И вот за вздрагивающим покатым плечом пленного Андрей опять видит Мари. Неужели в мире возможно такое сходство? Немыслимо! Мари! Она вышла из ворот, остановилась, приложила руку к виску, всматриваясь в даль, потом решительно и легко двинулась под гору, в город. И чем дальше удалялась она, тем страшнее становилось от мысли, что она может уйти навсегда, что ему — Андрею — не суждено, быть может, никогда вернуть ее и что вдруг лицо этой девушки вовсе не отвратительно, потому что это — лицо Мари, Мари!

Секунда, другая — и ее скрыл кособокий угловой домишко.

И тут же ясное, странно близкое слово, произнесенное чужим прерывистым голосом, замыкает мысль Андрея: [446]

— Бишофсберг...

— Бишофсберг? — спрашивает он изумленно.

И пленный торопится договорить что-то очень важное шепелявящим, сухим языком:

— Клянусь, я ни о чем не думаю больше, как только о возвращении в Бишофсберг. Я готов отплатить вам чем хотите. Вернуться в Бишофсберг, на Лауше! Неужели вы, в память того, что я когда-то сделал для вас...

— Вы хотите вернуться в Бишофсберг? — прерывает его Андрей,

— О да!

Кругом опять ни души, захолустье недвижно и сокрыто от человечьего глаза.

— Говорить об этом — безумие! — воскликнул Андрей, и вдруг, затихнув и пригнувшись к пленному, быстро шепчет: — Приходите ко мне сегодня, как стемнеет, я живу на углу...

Он говорит свой адрес точно и коротко, он пожимает протянутую руку пленного, поворачивается и слышит растроганный, сдавленный, чуть-чуть насмешливый возглас:

— О, как вы благородны!

Потом без оглядки он кидается из безлюдных улиц в поле и, мимо заброшенных кирпичных сараев, через овражки, тропы и лощинки, почти бежит к лагерю.

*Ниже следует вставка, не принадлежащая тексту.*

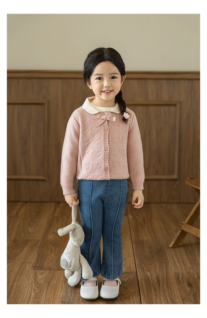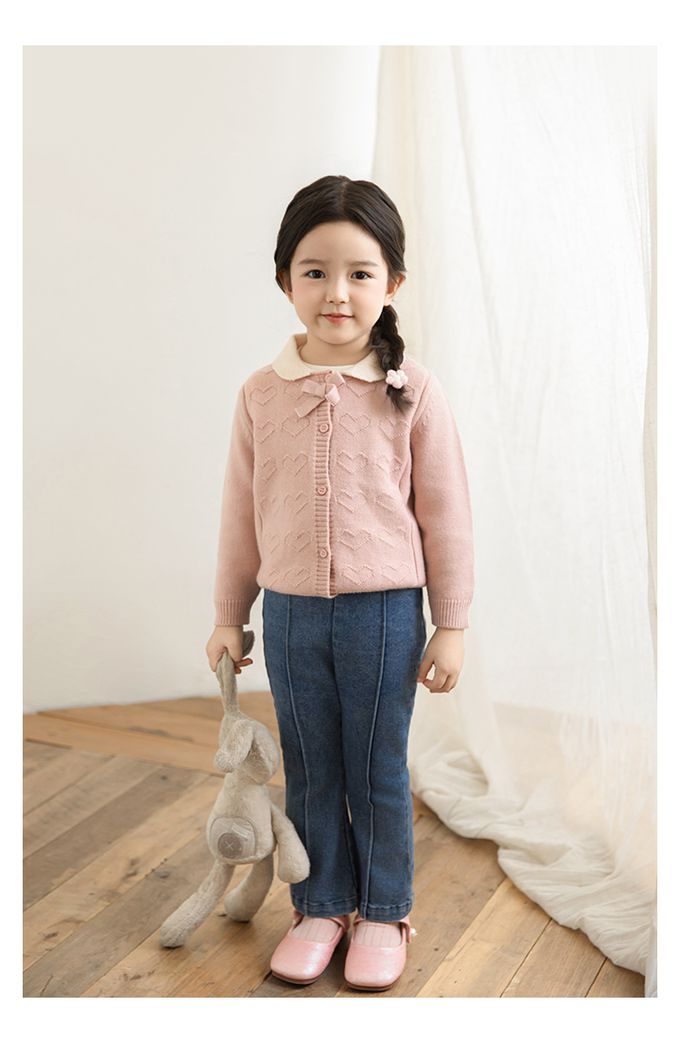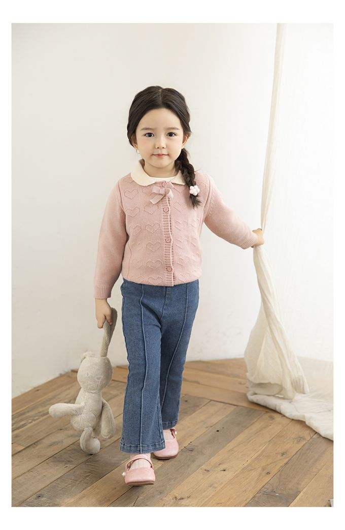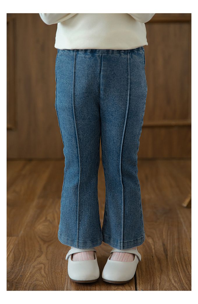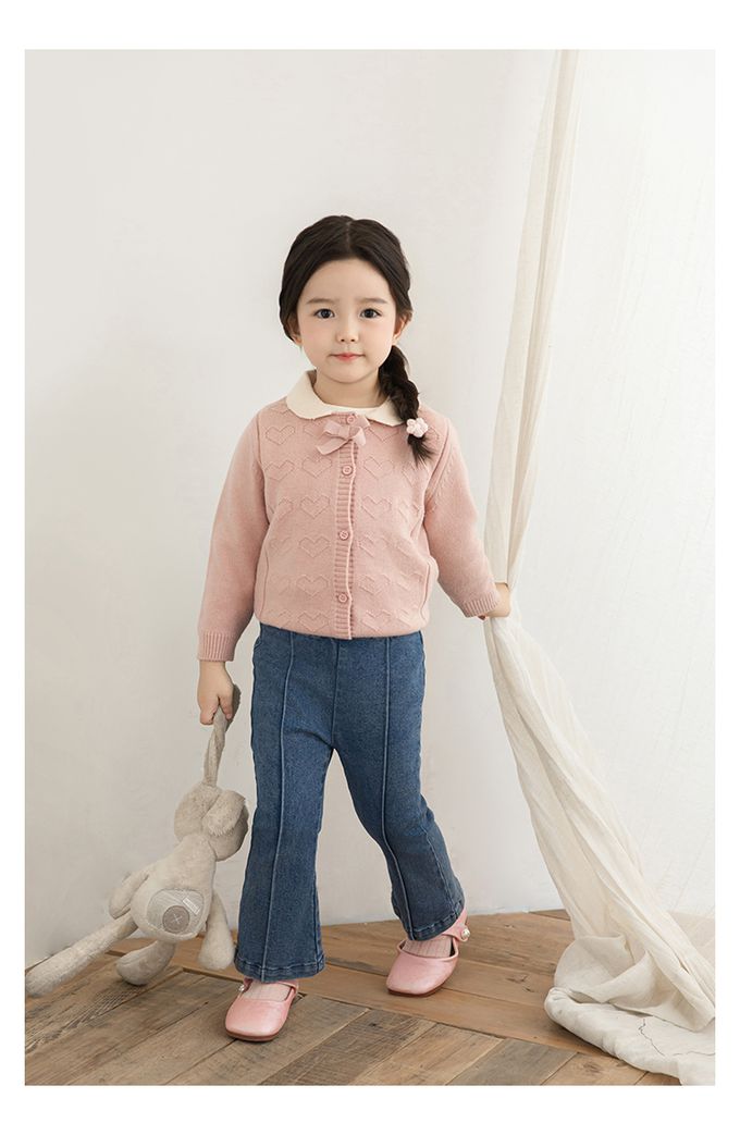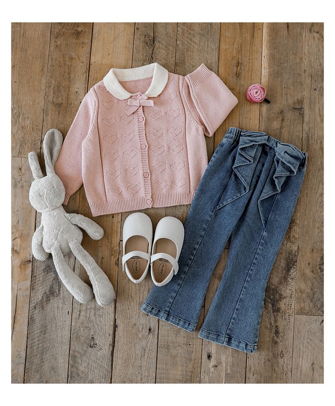 腰鬆緊微彈小喇叭長褲-立體蝴蝶結-藍色

Он, конечно, скажет, кого только что встретил на улице, кого позвал к себе сегодня, когда стемнеет. Он устроит засаду у себя в комнате, он выдаст, он предаст беглеца. Предаст? Нет, он исполнит свой долг. Долг? Но разве он уже не нарушил своего долга? Ведь если беглец...

Андрей останавливается внезапно, точно ослепленный жестоким светом, и опять бросается вперед... [447]

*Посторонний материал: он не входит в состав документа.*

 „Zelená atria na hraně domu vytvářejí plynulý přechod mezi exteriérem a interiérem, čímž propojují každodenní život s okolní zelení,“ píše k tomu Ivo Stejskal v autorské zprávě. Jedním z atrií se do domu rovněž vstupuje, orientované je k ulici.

Потом он стоит в бараке, между Куртом и Голосовым, и мимо него тянется череда захваченных под Саньшином немцев и австрийцев. Пленных останавливают, заставляют снять фуражки и показать руки. Курт задает короткие вопросы и машет головой.

— Следующий.

С Андрея не перестает лить пот, он часто вытирает лоб промокшим тяжелым платком и машет головой так же, как Курт.

— Следующий.

Голосов говорит негромко:

— Завтра, Старцов, митинг в лагере. Ты должен благодарить пленных, которые дрались на нашей стороне. Их отправят на родину с первым эшелоном. Это все, что мы можем сделать для них. Мы очень обязаны им.

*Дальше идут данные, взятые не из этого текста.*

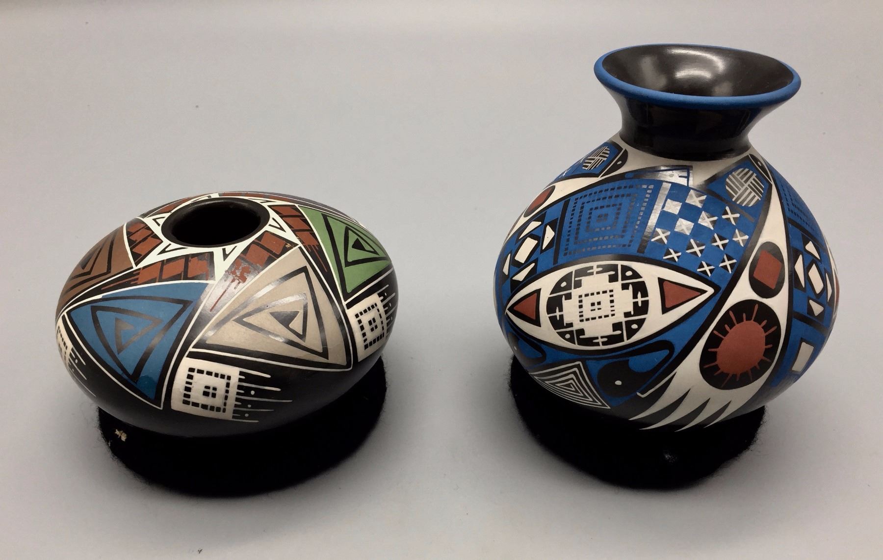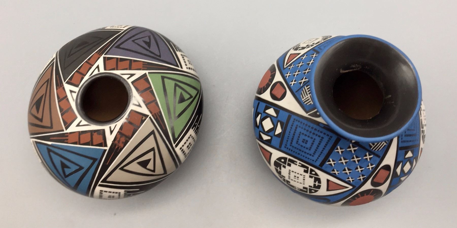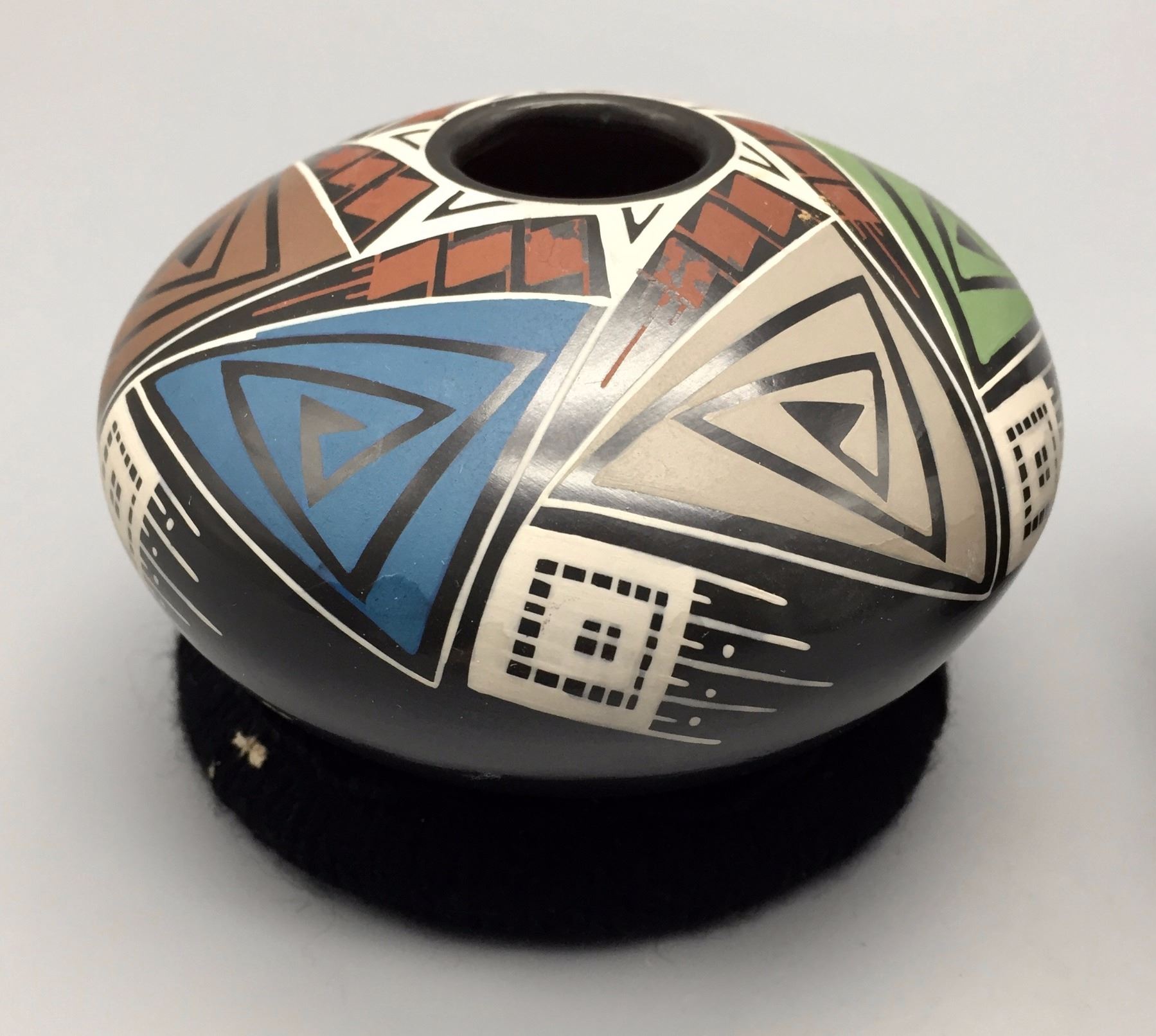 Maker: Oscar Quezada. Approx. Age: Circa 1980s. Size: 4” x 2.5” and 3.75” x 4”. Additional Info: Nice polychrome Mata Ortiz pots. Condition: Good for their age, normal wear expected. Please look closely at the pictures - they are an important part of our description. Shipping: There will be a $8 handling / packaging fee for shipping this lot. The actual cost of postage will be added on top of that.

Голосов прикрывает ладонькой улыбку.

— И тебе, конечно...

— Хорошо, — отвечает Андрей, — следующий.

В ленте проходящих мимо него людей остаются пятеро, трое, двое. Вот последний.

— А-ах, чер-рт! — хрипит Курт.

— Боже мой, боже мой! — отзывается Андрей.

— Я так и знал: убежал, дьявол... И Андрей:

— Убежал. Да, да, убежал. Боже мой...

Он отводит глаза, и ему кажется, что все кругом застлано тяжелым черным дымом.

 

 

Сон

 

 

— Если месяц пребывания в осажденной крепости зачисляют за год, то месяц плена надо бы считать за два. Моя жизнь, в сущности, прошла. [448]

Плен — гроб. Дно и стенки его — снег, крышка — небо, заткнутое снежными тучами. Заживо в гробу. Иной раз я падал в отчаянье на пол и бился головой. Я с ума сходил от снега. Я с ума сходил от мысли, что скоро опять пойдет снег. Я не могу видеть, как он падает, падает, падает. У меня волосы становятся дыбом... Вы хотите знать, чем я руководился, затеяв эту жалкую аферу? Или вам безразлично это так же, как мне? Но я чувствую необходимость оправдаться перед вами. Ведь в ваших руках — моя судьба, и вы снисходительны к ней, может быть, не по заслугам.

— Вы опять говорите громко. Тише! — шепчет Андрей.

— Простите. Я насилу сдерживаю себя, чтобы не разрыдаться. Я не могу смотреть на вас без слез. Я не вмещаю в себе этого. Как грандиозна и нелепа наша жизнь. Недавно еще враги, мы...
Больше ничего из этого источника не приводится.